***** INFORMATION PROVIDED *****

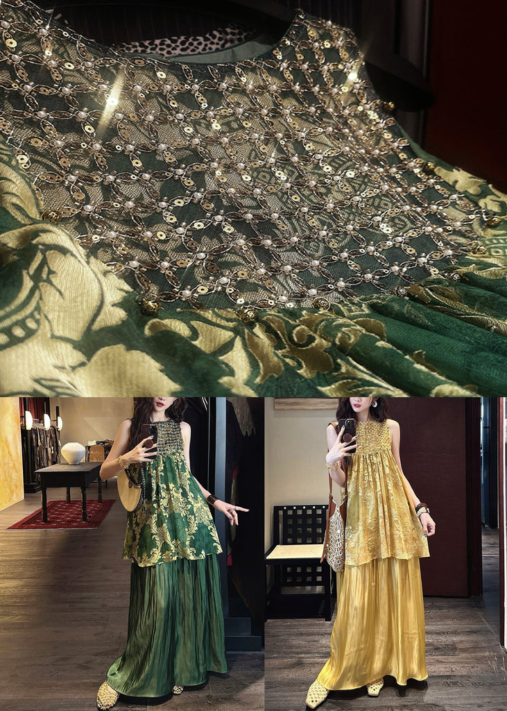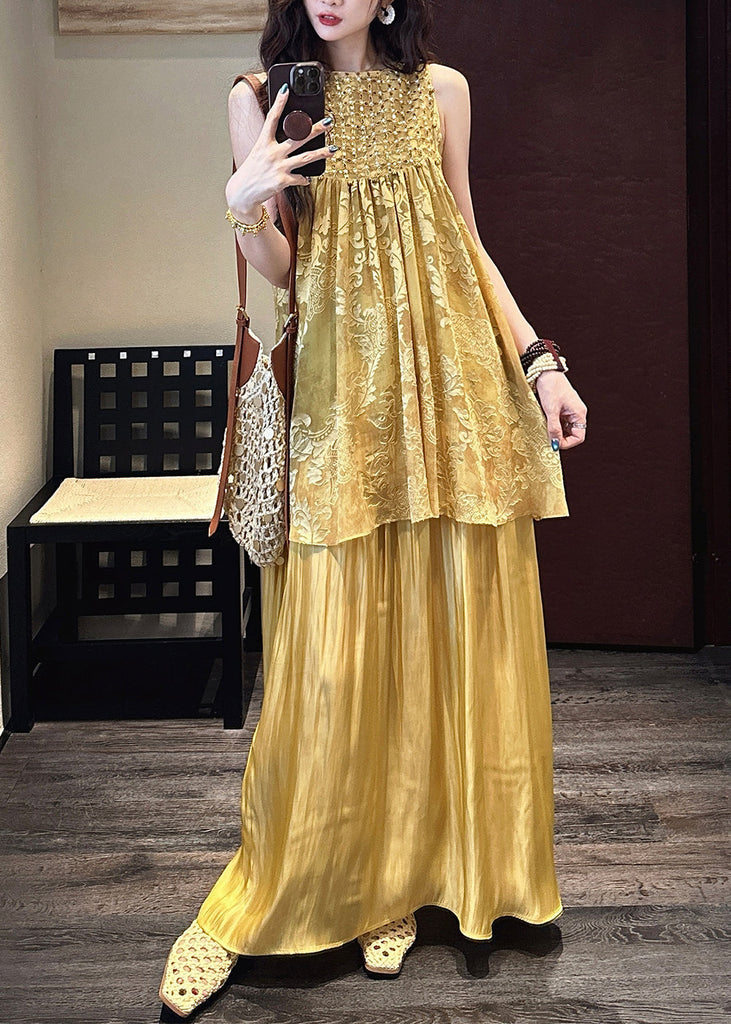 O Two Neck Silk Summer Patchwork Dress Yellow Pieces False
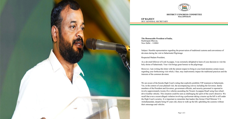 മുന്കാലങ്ങളിലെ സന്ദര്ശന ശ്രമങ്ങളും കത്തില് ഇ.പി. രാജീവ് ഓര്മ്മിപ്പിച്ചു. മുന് പ്രധാനമന്ത്രി ഇന്ദിരാഗാന്ധി ശബരിമല സന്ദര്ശിക്കാന് ആഗ്രഹം പ്രകടിപ്പിച്ചപ്പോള്, ‘ആചാര ലംഘനം’ ആരോപിച്ച് ബി.ജെ.പി. നേതാവ് കുമ്മനം രാജശേഖരന്റെ നേതൃത്വത്തില് ശക്തമായ സമരം നടത്തിയ ചരിത്രം കത്തില് എടുത്തുപറയുന്നുണ്ട്. ഭരണഘടനാ പദവിയിലുള്ള ഒരാള് ആചാരങ്ങളെ മാനിക്കാതെ ഇത്തരം സൗകര്യങ്ങള് ഉപയോഗിക്കുന്നത് ഇരട്ടത്താപ്പാണെന്നാണ് ആരോപണം.
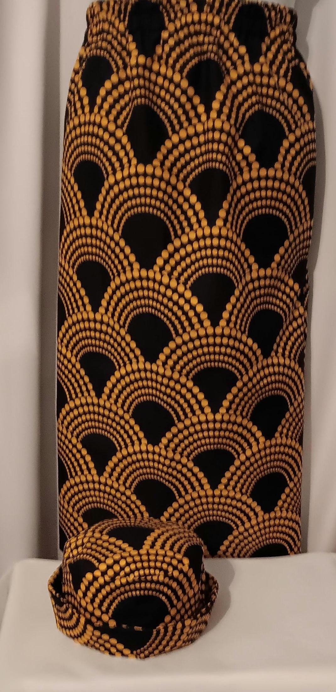 Beautiful Africa print straight Skirt with pockets, elastic waist and matching bucket hat. Lovely, classy, simple skirt. Made of 100% Cotton. Africa inspired fabric print colors black, gold, Skirt can be worn for cultural events, Black History Month, Kwanzaa, or everyday all occasions.

*****

* _YOUR OBJECTIVE_
Write out the material above again, word for word, minus its pictures.

* _WORKED SOLUTION_
 O Two Neck Silk Summer Patchwork Dress Yellow Pieces False
 മുന്കാലങ്ങളിലെ സന്ദര്ശന ശ്രമങ്ങളും കത്തില് ഇ.പി. രാജീവ് ഓര്മ്മിപ്പിച്ചു. മുന് പ്രധാനമന്ത്രി ഇന്ദിരാഗാന്ധി ശബരിമല സന്ദര്ശിക്കാന് ആഗ്രഹം പ്രകടിപ്പിച്ചപ്പോള്, ‘ആചാര ലംഘനം’ ആരോപിച്ച് ബി.ജെ.പി. നേതാവ് കുമ്മനം രാജശേഖരന്റെ നേതൃത്വത്തില് ശക്തമായ സമരം നടത്തിയ ചരിത്രം കത്തില് എടുത്തുപറയുന്നുണ്ട്. ഭരണഘടനാ പദവിയിലുള്ള ഒരാള് ആചാരങ്ങളെ മാനിക്കാതെ ഇത്തരം സൗകര്യങ്ങള് ഉപയോഗിക്കുന്നത് ഇരട്ടത്താപ്പാണെന്നാണ് ആരോപണം.
 Beautiful Africa print straight Skirt with pockets, elastic waist and matching bucket hat. Lovely, classy, simple skirt. Made of 100% Cotton. Africa inspired fabric print colors black, gold, Skirt can be worn for cultural events, Black History Month, Kwanzaa, or everyday all occasions.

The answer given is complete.